I am adding this answer as another possibility which people may encounter when
- downloading from multiple servers using multi-threaded apps
- using Windows XP or Vista as the operating system
The tcpip.sys
driver for these operating systems has a limit of 10 outbound connections per second. This is a rate limit, not a connection limit, so you can have hundreds of connections, but you cannot initiate more than 10/s. The limit was imposed by Microsoft to curtail the spread of certain types of virus/worm. Whether such methods are effective is outside the scope of this answer.
In a multi-threaded application that downloads from multitudes of servers, this limitation can manifest as a series of timeouts. Windows puts into a queue all of the "half-open" (newly open but not yet established) connections once the 10/s limit is reached. In my application, for example, I had 20 threads ready to process connections, but I found that sometimes I would get timeouts from servers I knew were operating and reachable.
To verify that this is happening, check the operating system's event log, under System. The error is:
EventID 4226: TCP/IP has reached the security limit imposed on the number of concurrent TCP connect attempts.
There are many references to this error and plenty of patches and fixes to apply to remove the limit. However because this problem is frequently encountered by P2P (Torrent) users, there's quite a prolific amount of malware disguised as this patch.
I have a requirement to collect data from over 1200 servers (that are actually data sensors) on 5-minute intervals. I initially developed the application (on WinXP) to reuse 20 threads repeatedly to crawl the list of servers and aggregate the data into a SQL database. Because the connections were initiated based on a timer tick event, this error happened often because at their invocation, none of the connections are established, thus 10 are immediately queued.

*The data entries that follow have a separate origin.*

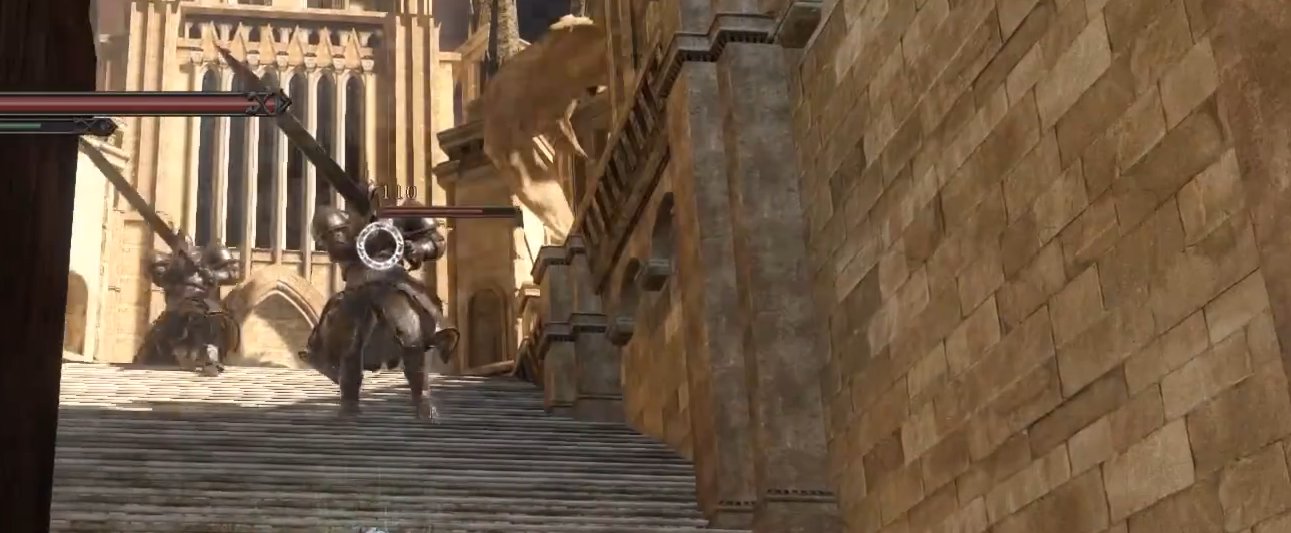 还有从巨人森一火上梯子的平台,被誉为魂二的经典堆怪场景。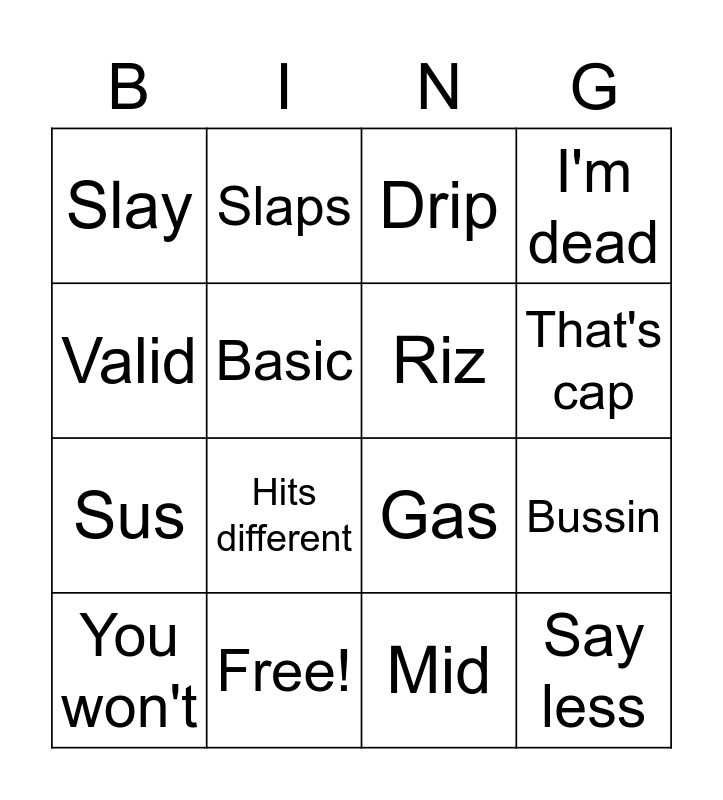 This bingo card has 16 words: Free!, Bussin, Drip, Slay, Sus, Slaps, Gas, Mid, Valid, Basic, You won't, I'm dead, Hits different, That's cap, Riz and Say less.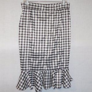 Living Dead Souls Womens XL Black White Gingham check Pencil Skirt Hem Ruffle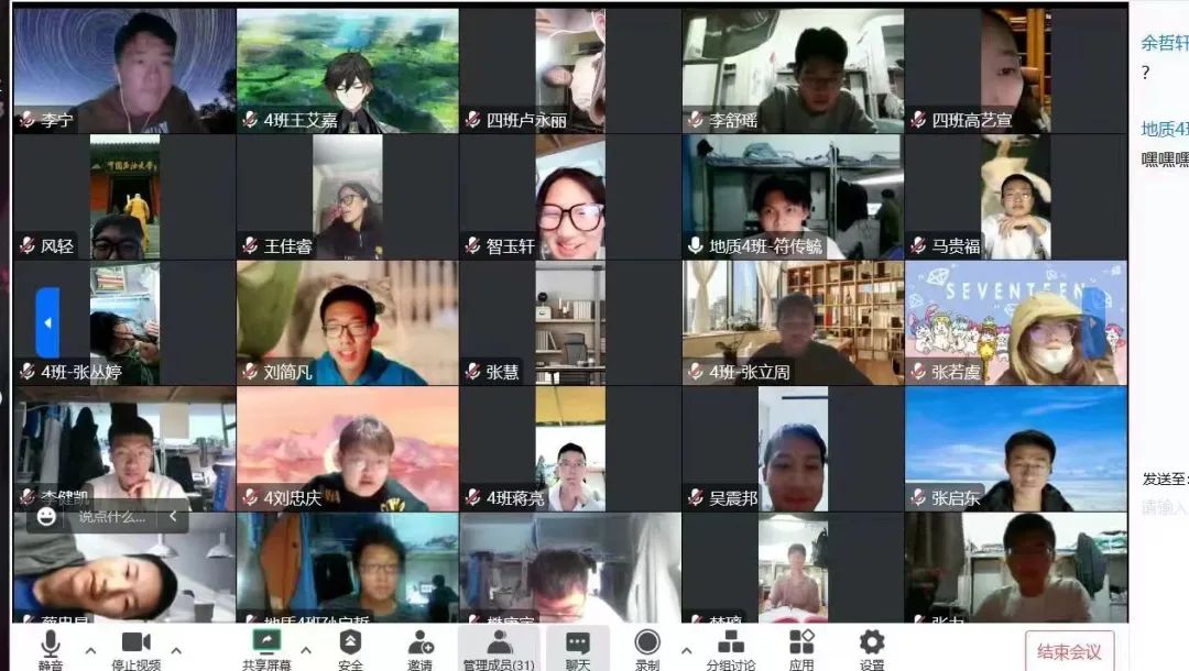 地质类2022级的大一新生们还进行线上集体晚自习,班委督促,打卡签到,开展主题班会,邀请学业优秀的同学分享经验,及时提醒同学们上课。国际教育学院的留学生们也开展线上集体自习。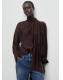 Con un diseño recto, esta prenda presenta un elegante cuello alto adornado con fular y mangas largas con puños abotonados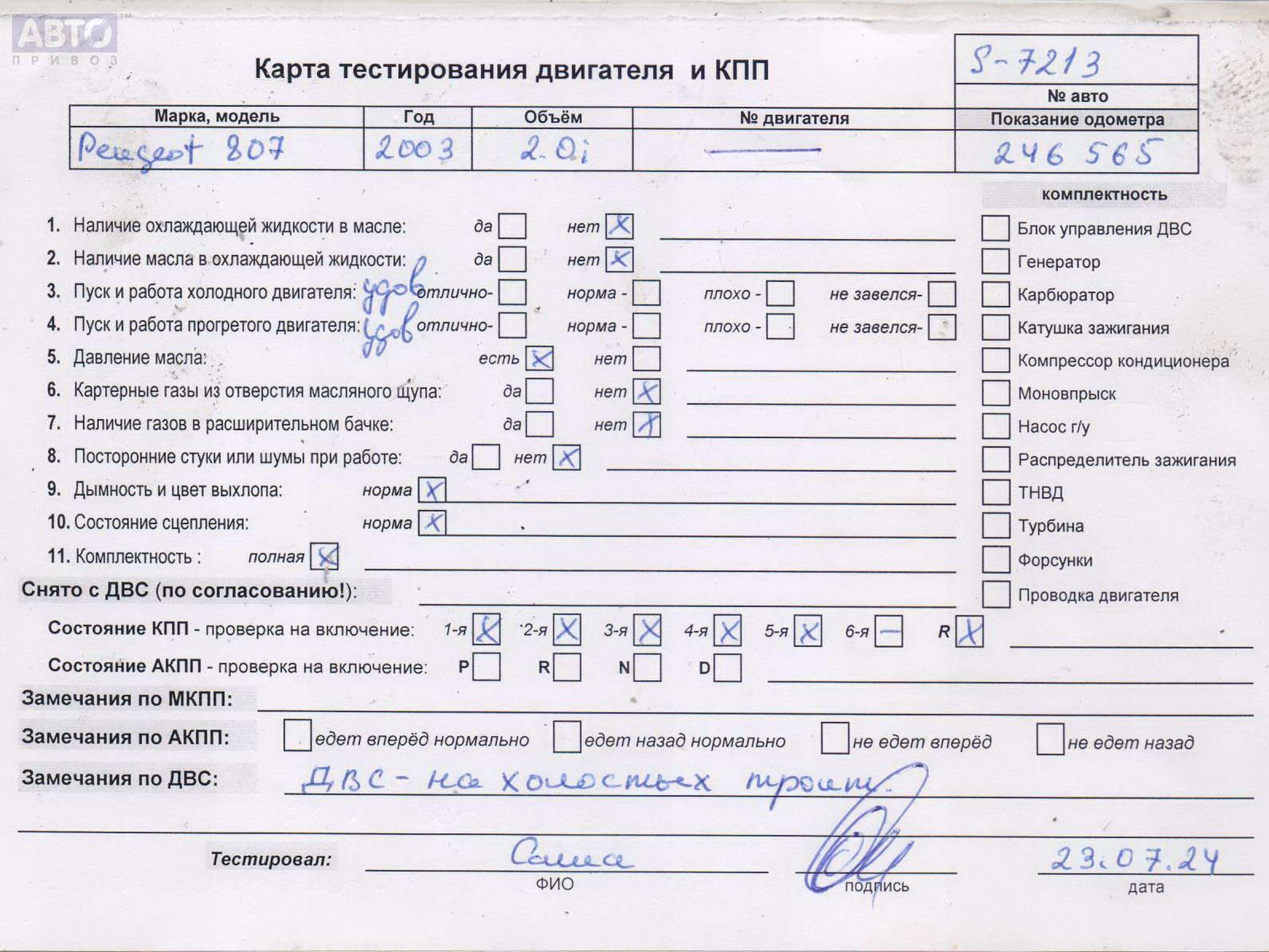 | Марка / Модель / Год: | Peugeot 807 2003 |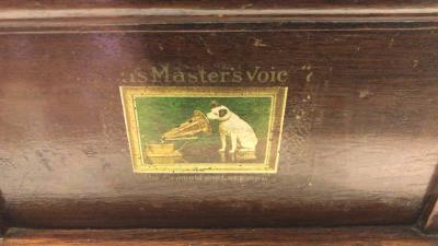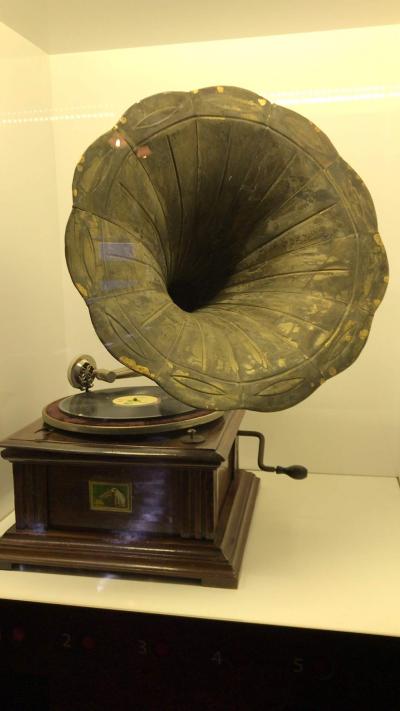 記念館の内部は三部構成です。"His Master's Voice"の蓄音機ありました。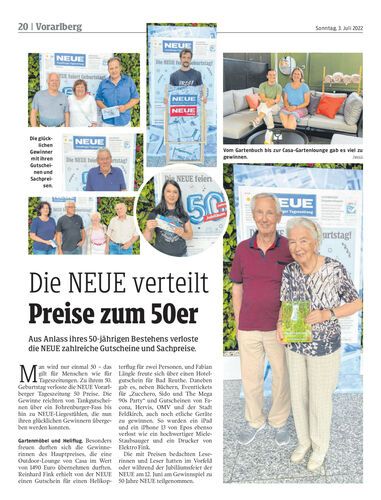 die NEUE zahlreiche Gutscheine und Sachpreise.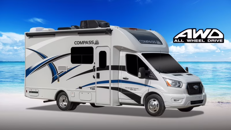 La línea de RVs Compass es fabricada por Thor Motor Coach, una de las divisiones de Thor Industries, el mayor fabricante de vehículos recreativos del mundo.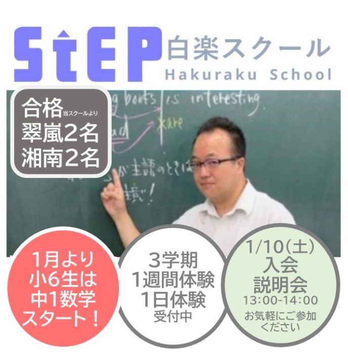 ステップの新年度の入会受付は1月からとなっていますが、新小5(現小4)生の入会予約を10/18(土)からお受けいたします。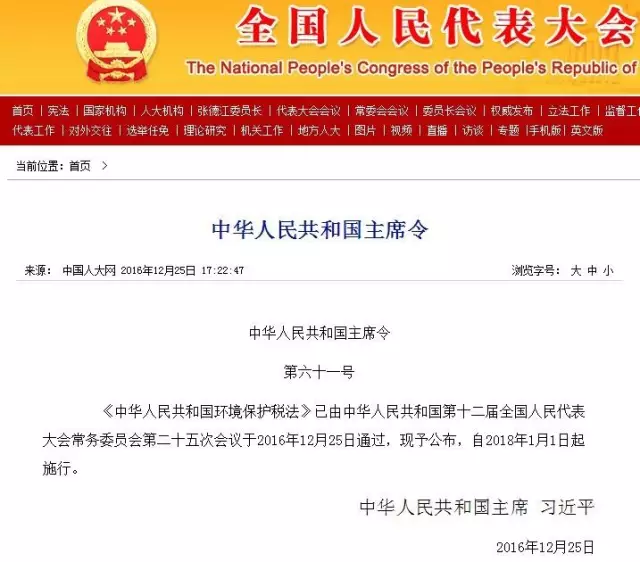 12月25日,習(xí)近平簽發(fā)中華人民共和國第六十一號主席令:《中華人民共和國環(huán)境保護(hù)稅法》已由中華人民共和國第十二屆全國人民代表大會常務(wù)委員會第二十五次會議于2016年12月25日通過,現(xiàn)予公布,自2018年1月1日起施行。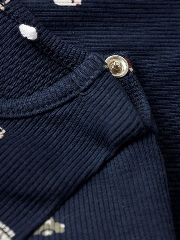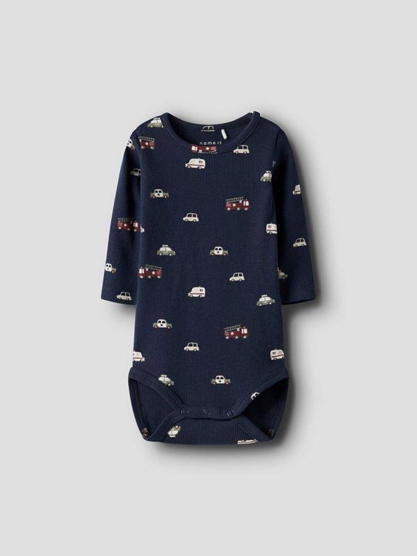 Ribbad, mjuk och skön body med tryckknappar i grenen och på ena axeln. Heltäckande tryck av utryckningsfordon.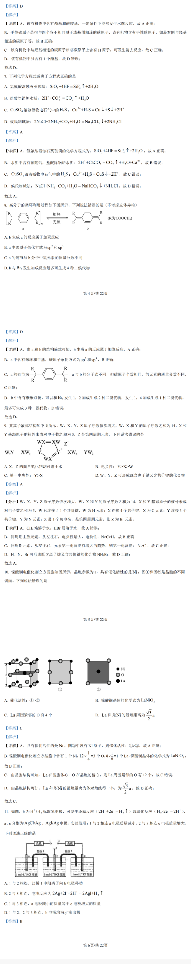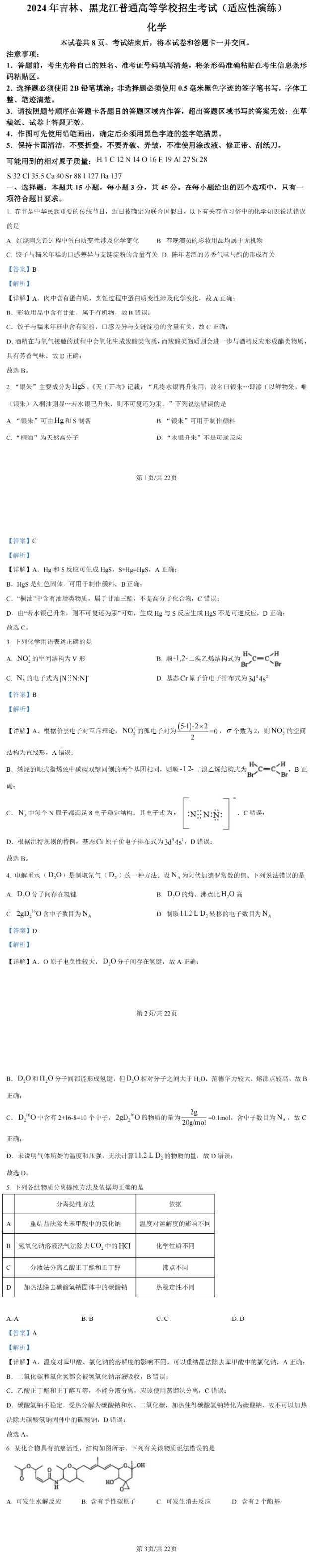 2024年吉林/黑龙江省普通高考适应性测试化学试题及答案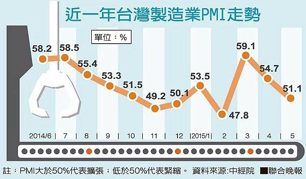 中經院今日公布台灣5月製造業採購經理人指數(PMI)為51.1%,不但連續第二個月走跌,且經季節性調整後的指數首度跌破景氣榮枯分界線50%;中經院長吳中書說,台灣景氣擴張趨緩,「這不是好現象」。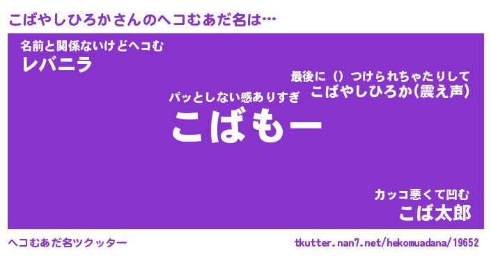 | 意味不明あだ名 | 『ペロリンこばやしひろか』 |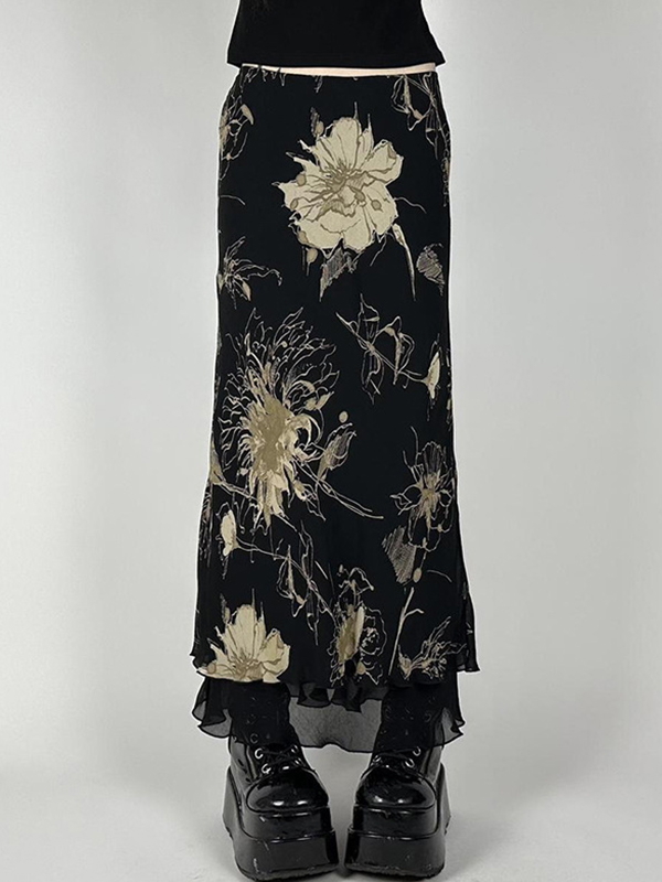 European And American Style Retro Tie-Dye Floral Print Mesh Maxi Skirts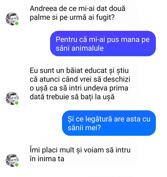 -Andreea, de ce mi-ai dat două palme și pe urmă ai fugit?!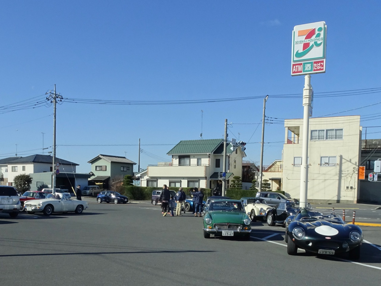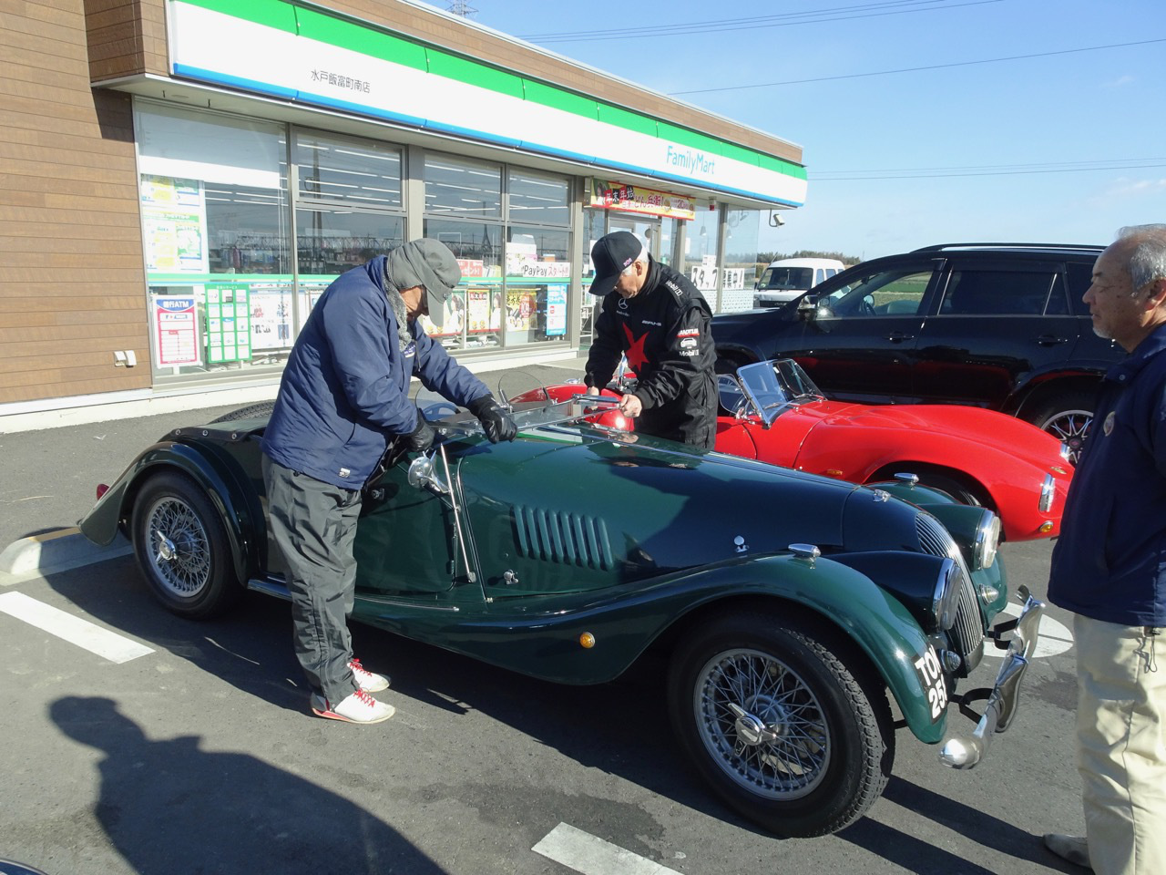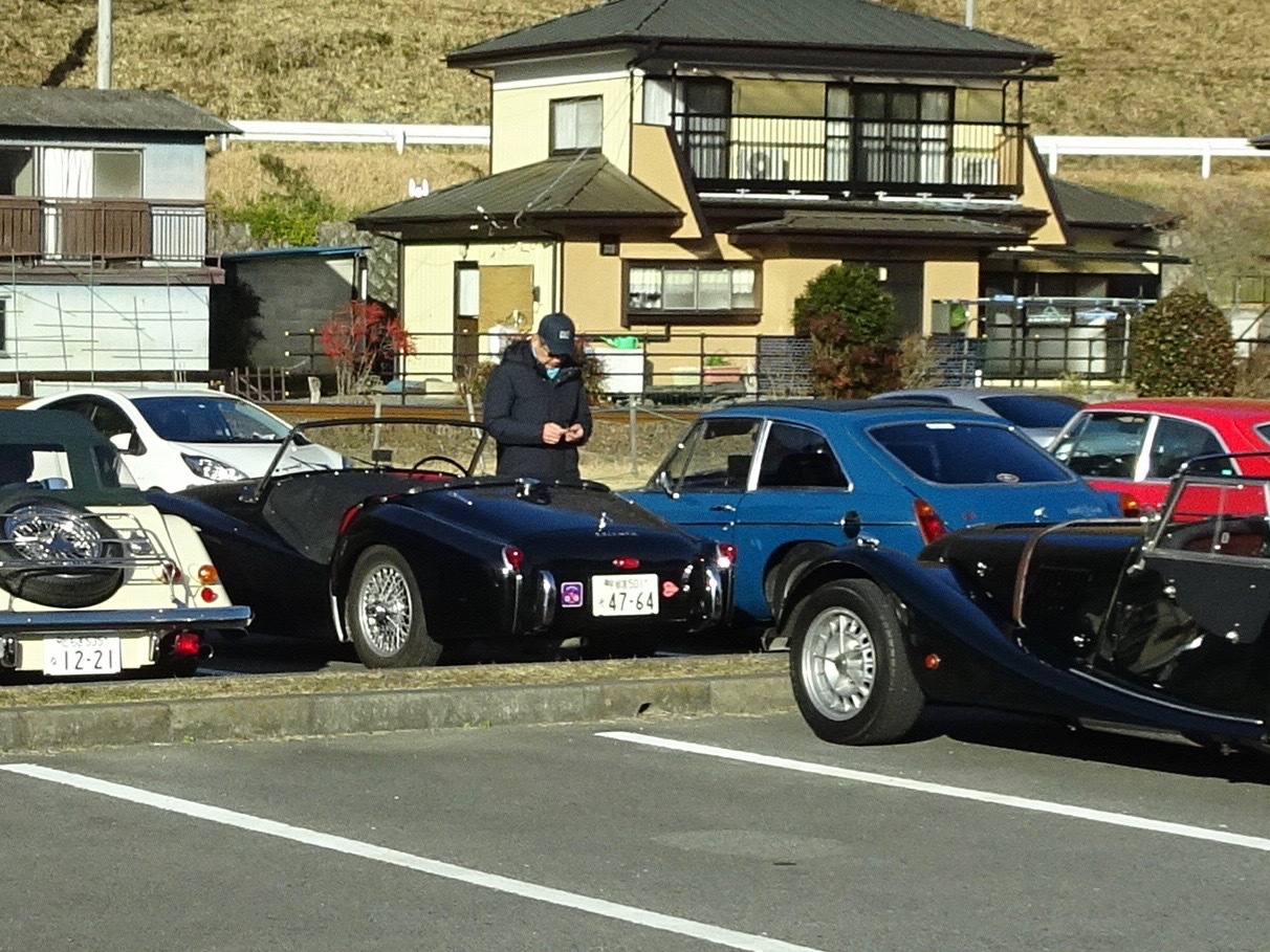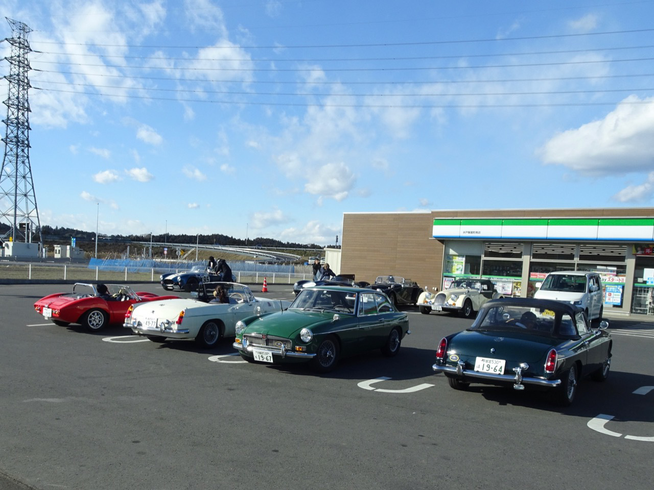 再び水戸北インターファミマに 駐車場でギアがゴリゴリ鳴っている早乙女さんのMGBクラッチの切れが悪いようです今年最後の話題提供車!

Note that this isn't a problem necessarily, because as connections are established, those queued are then processed. However if non-queued connections are slow to establish, that time can negatively impact the timeout limits of the queued connections (in my experience). The result, looking at my application log file, was that I would see a batch of connections that timed out, followed by a majority of connections that were successful. Opening a web browser to test "timed out" connections was confusing, because the servers were available and quick to respond.
I decided to try HEX editing the tcpip.sys file, which was suggested on a guide at speedguide.net. The checksum of my file differed from the guide (I had SP3 not SP2) and comments in the guide weren't necessarily helpful. However, I did find a patch that worked for SP3 and noticed an immediate difference after applying it.
From what I can find, Windows 7 does not have this limitation, and since moving the application to a Windows 7-based machine, the timeout problem has remained absent.